**Your objective:**
Below this line are records; write out exactly the lines from the one containing "Перечень комплектующих от" through the one containing "a white background.", with the pictures left out.

**Listed entries:**
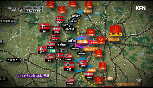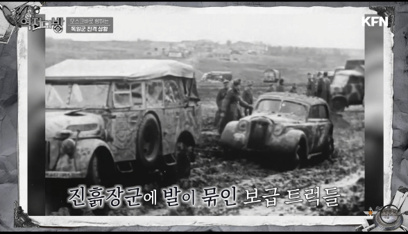 독일군은 보급도 어려워진다.진흙으로 트럭이 잘 안움직이게 된다.소련군은 곳곳에서 독일의 보급로를 노리면서 독일군은 식량까지 부족해 진다.10월25일에는 비행기가 빵을 공급해 줄 정도였다.남부 역시 진흙에 고전하고 있었다.구데리안은 므첸스크에서 한 펀치 얻어 맞고 진흙 장군을 만나게 된다. 카투코프는 상부에서 잘막는다며 모자이스크로 불러들여 독일군을 괴롭히게 된다.소련의 이런 진흙을 라스푸티차 라고 한다.소련같은 저개발 국가는 도로보다 철도망을 우선시 했다.물자 운송은 철도가 짱이였다.도로가 후순위다보니 비포장도로가 많고 라스(~가 없다)푸트(길)이차 (길이 없어진 상태)가 잘 생기는 것이였다.
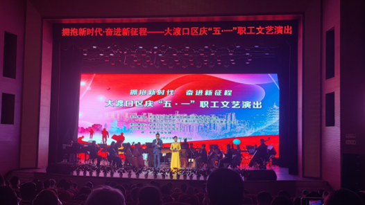 在“五一”国际劳动节即将到来之际,重庆大渡口区总工会、区创建全国文明城区指挥部办公室、区文化和旅游发展委联合举办大渡口区“拥抱新时代 奋进新征程”庆“五一”职工文艺演出。该区各街镇、园区总工会,工会联合会、系统工会、区直属工会、企业工会组成的10支队伍联袂为现场职工群众献上一场“文艺大餐”的同时,也展示劳动者昂扬奋发的精神风貌和时代风采。
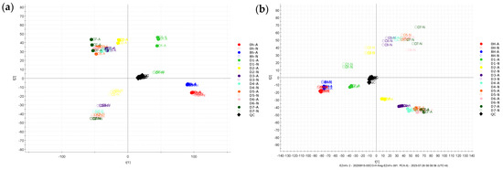 PCA plot of the metabolic profiles of fecal samples incubated with SECO in (a) the +ESI mode and (b) −ESI mode. A: micro-aerobic conditions; N: anaerobic conditions.
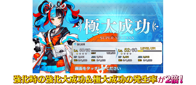 限定 イベントボーナスサーヴァントの強化時の大成功&極大成功率が2倍!
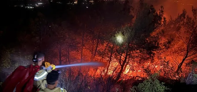 Aydın'ın Söke ilçesine bağlı Sazlıköy Mahallesi'nde saat 16.00 sıralarında makide çıkıp ormana sıçrayan yangında 10 saat geride kaldı. Alevlerin kontrol altına alınması için ekiplerin yoğun müdahalesi devam ediyor.
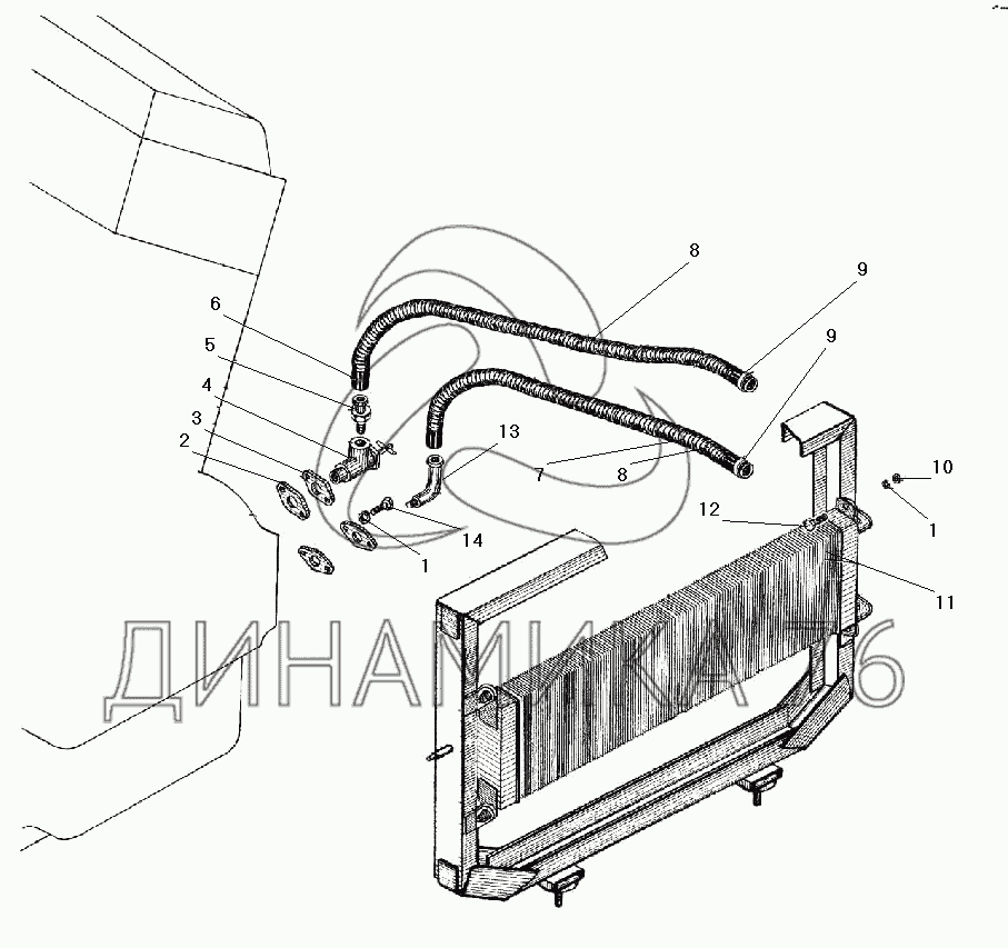 Перечень комплектующих от Масляный радиатор на УРАЛ-43203-10
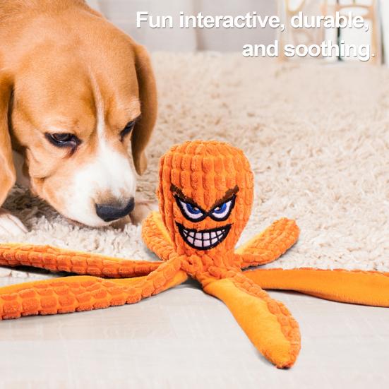 Engage your dog in interactive play with the built-in squeaky sound of this bearded octopus toy. The enticing squeak captures your pet's attention, fostering playful interactions and making it a preferred choice among bearded dog toys for lively game sessions.
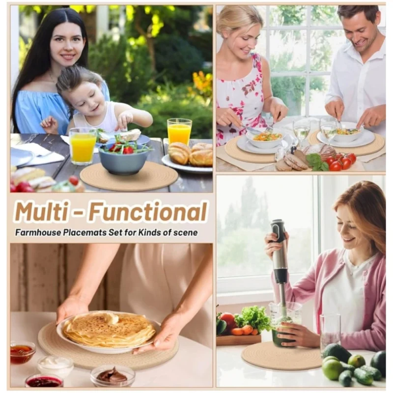 Cotton Dining Table Round Placemat Mats Set of 4
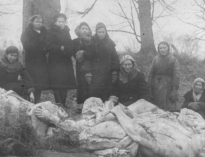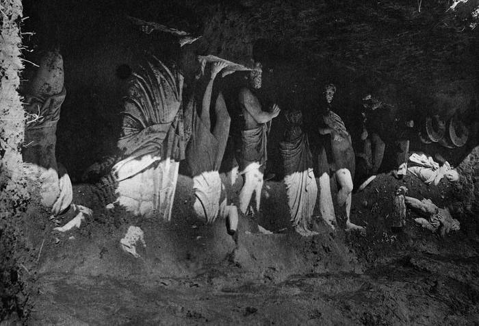 На фото прекрасно видно этап расчистки, вскрытия захоронений...
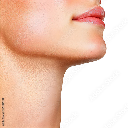 © watz, Fototapeta premium Close-up of a woman's lower face highlighting her smooth skin defined jawline and softly tinted lips against a white background.
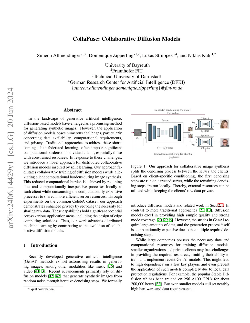 In the landscape of generative artificial intelligence, diffusion-based models have emerged as a promising method for generating synthetic images. However, the application of diffusion models poses numerous challenges, particularly concerning data availability, computational requirements, and privacy. Traditional approaches to address these shortcomings, like federated learning, often impose significant computational burdens on individual clients, especially those with constrained resources. In response to these challenges, we introduce a novel approach for distributed collaborative diffusion models inspired by split learning. Our approach facilitates collaborative training of diffusion models while alleviating client computational burdens during image synthesis. This reduced computational burden is achieved by retaining data and computationally inexpensive processes locally at each client while outsourcing the computationally expensive processes to shared, more efficient server resources. Through experiments on the common CelebA dataset, our approach demonstrates enhanced privacy by reducing the necessity for sharing raw data. These capabilities hold significant potential across various application areas, including the design of edge computing solutions. Thus, our work advances distributed machine learning by contributing to the evolution of collaborative diffusion models.

**Exercise response:**
 Перечень комплектующих от Масляный радиатор на УРАЛ-43203-10
 Engage your dog in interactive play with the built-in squeaky sound of this bearded octopus toy. The enticing squeak captures your pet's attention, fostering playful interactions and making it a preferred choice among bearded dog toys for lively game sessions.
 Cotton Dining Table Round Placemat Mats Set of 4
 На фото прекрасно видно этап расчистки, вскрытия захоронений...
 © watz, Fototapeta premium Close-up of a woman's lower face highlighting her smooth skin defined jawline and softly tinted lips against a white background.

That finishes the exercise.